Mais le caractère opportuniste du choix à chaque fois accompli par l’Exécutif fut confirmé en 2011 lors de la scandaleuse affaire libyenne. L’on se retrouvait alors dans une affaire assez comparable à celle de la Yougoslavie – avec le propos d’une « ingérence humanitaire » alléguée, au nom de quelque « responsabilité de protéger ». Le président Obama procéda bien à une notification de son action auprès du Congrès, mais il ne demanda aucune autorisation ; il espérait que l’affaire serait vite expédiée ; comme ce ne fut pas tout à fait le cas, il fit publier une doctrine contestable, et qui fut contestée largement, soutenant que le War Powers Act ne trouvait pas application puisque les États-Unis ne se trouvaient pas engagés à proprement parler dans des « hostilities », selon la terminologie de la résolution de 1973.

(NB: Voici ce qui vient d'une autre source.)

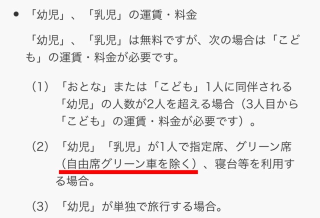 ・今回のような自由席グリーン車:大人1名につき2名までなら「幼児」「乳児」が座席を占有しても無料。
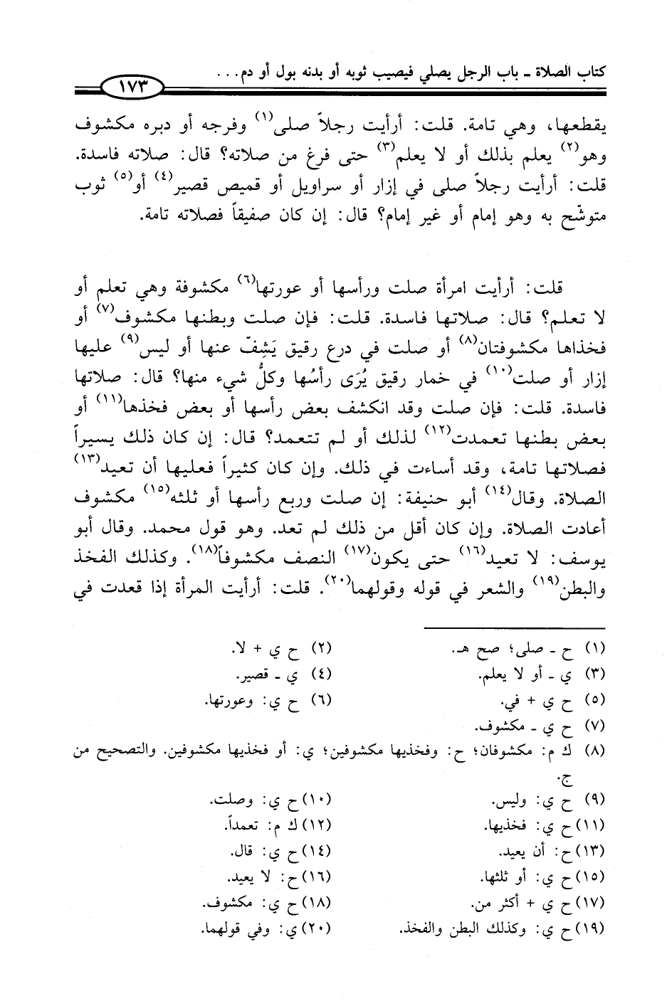 يقطعها، وهي تامة. قلت: أرأيت رجلاً صلى (¬1) وفرجه أو دبره مكشوف وهو (¬2) يعلم بذلك أو لا يعلم (¬3) حتى فرغ من صلاته؟ قال: صلاته فاسدة. قلت: أرأيت رجلاً صلى في إزار أو سراويل أو قميص قصير (¬4) أو (¬5) ثوب متوشّح به وهو إمام أو غير إمام؟ قال: إن كان صفيقاً فصلاته تامة.

Quoi qu’il en soit, et quoi que l’on pense, et d’un tel cadre légal, et de telles pratiques, et des choix récents de M. Trump, il serait ici – puisque telle est la question dont nous sommes partis – assez difficile de considérer que le comportement de celui-ci vis-à-vis du Congrès en cette affaire ait manifesté une particulière mauvaise volonté.